Describing the test at Australian Gastroenterology Week 2004, Dr. Gordon Park, a gastroenterologist at Concord Hospital in Sydney, said the test is “a promising method of assessing the severity of liver disease and monitoring a patient’s response to treatment.”
Caffeine was selected for the test because it is metabolized exclusively through the liver, he said. “An enzyme in the liver breaks it down, and the ability of that enzyme to break it down is intimately related to overall liver function.”

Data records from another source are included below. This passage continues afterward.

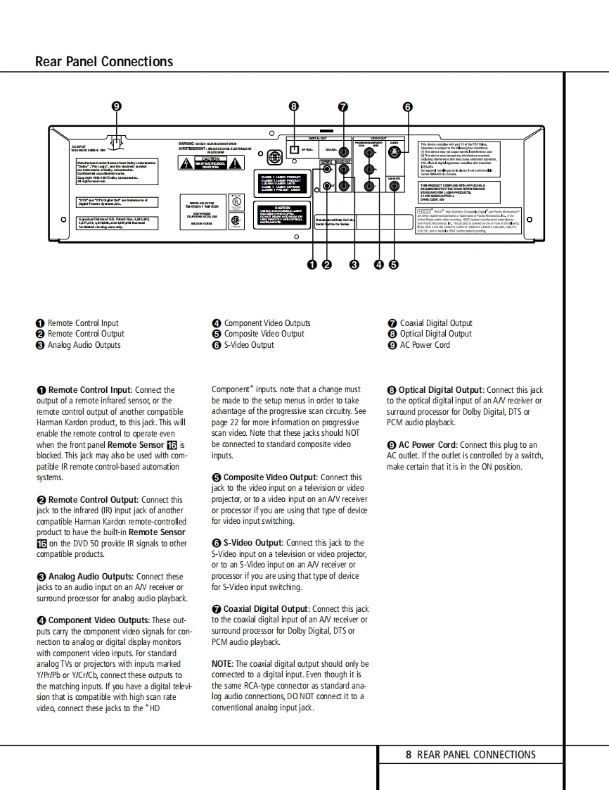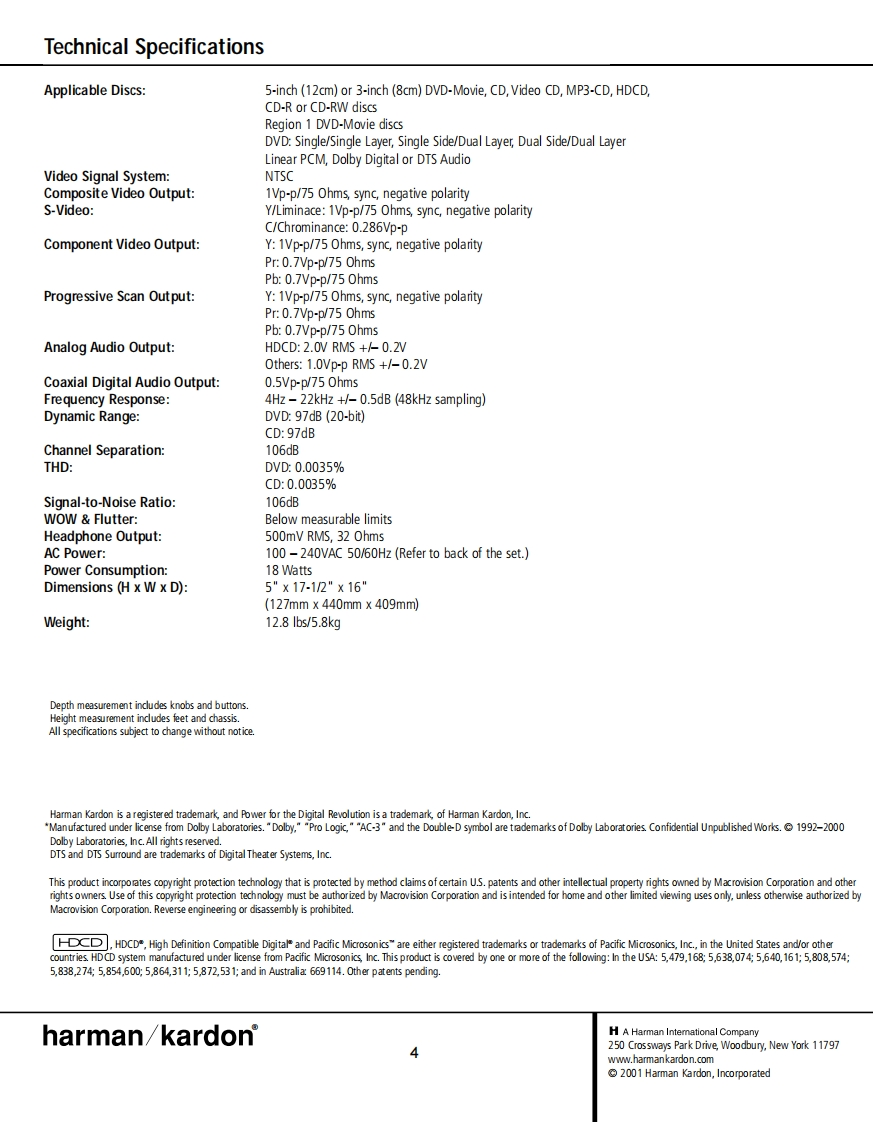 harman kardonModel DVD 505 Disc DVD/CD/CD-R/CD-RWNVCD MP3 ChangerService Manualharman/kardon050名123s938dtsContentsPRODUCT SAFETY SERVICE GUIDELINES..........2DECK MECHANISM DISASSEMBLY............24SERVICE PRECAUTIONS...............3DECK MECHANISM ADJUSTMENT...................27SPECIFICATIONS...............4MECHANICAL PARTS LIST.................29FRONT PANEL CONTROLS.....................5DETAILED TROUBLESHOOTING GUIDE............30INFORMATION DISPLAY..........6BULLETIN HK2001-05........40REAR PANEL CONNECTIONS......................8BULLETIN HK2002-02......43REMOTE CONTROL..................9BLOCK DIAGRAMS............45INSTALLATION/CONNECTIONS.......12WAVEFORMS.........50BASIC TROUBLESHOOTING GUIDE...................17VOLTAGE CHART..........51DISASSEMBLY....18PCB DRAWINGS......52OVERALL EXPLODED VIEWS............20ELECTRICAL PARTS LIST........................57DECK MECHANISM EXPLODED VIEW................22SCHEMATICS.....68DECK MECHANISM PARTS LOCATOR................23PACKING..........T6harman/kardon,Inc.250 Crossways Park Dr.Woodbury,New York 11797Rev03/2003
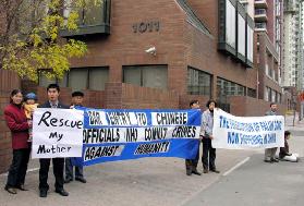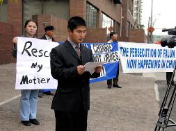 ![]() 法轮功学员在卡尔加里中领馆前举行新闻发布会 | ![]() 段凯文在新闻发布会上,陈述母亲被绑架的经过。 |
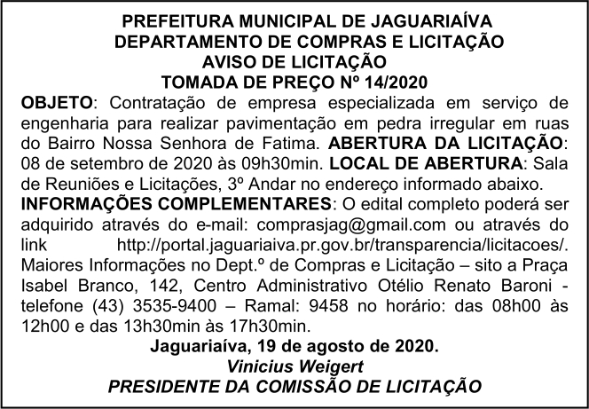 Aviso de Licitação Tomada de Preço Nº 14/2020
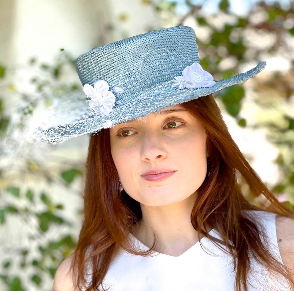 This feminine light blue straw boater hat is truly unique. I trimmed it with veiling and satin flowers with pearls in the center of each flower. One-of-a-kind. Boater hats are a favorite of Princess Kate.

The carbon isotope incorporated into the caffeine is eventually expelled in the breath as carbon dioxide. Because the isotope is slightly radioactive, the amount of it can be easily measured
“If the liver is not functioning well, metabolism of caffeine is impaired,” Parks explained, and the amount of carbon isotope in the breath is reduced.
Cigarette smoking is a major confounder of the test in that it increases the activity of the liver enzyme, Park commented. Smokers generally have double the normal activity of nonsmokers.
“We can factor that into the analysis, and we have already done studies looking specifically at smokers,” Park said. “We have now formulated a reference range for smokers and for nonsmokers.”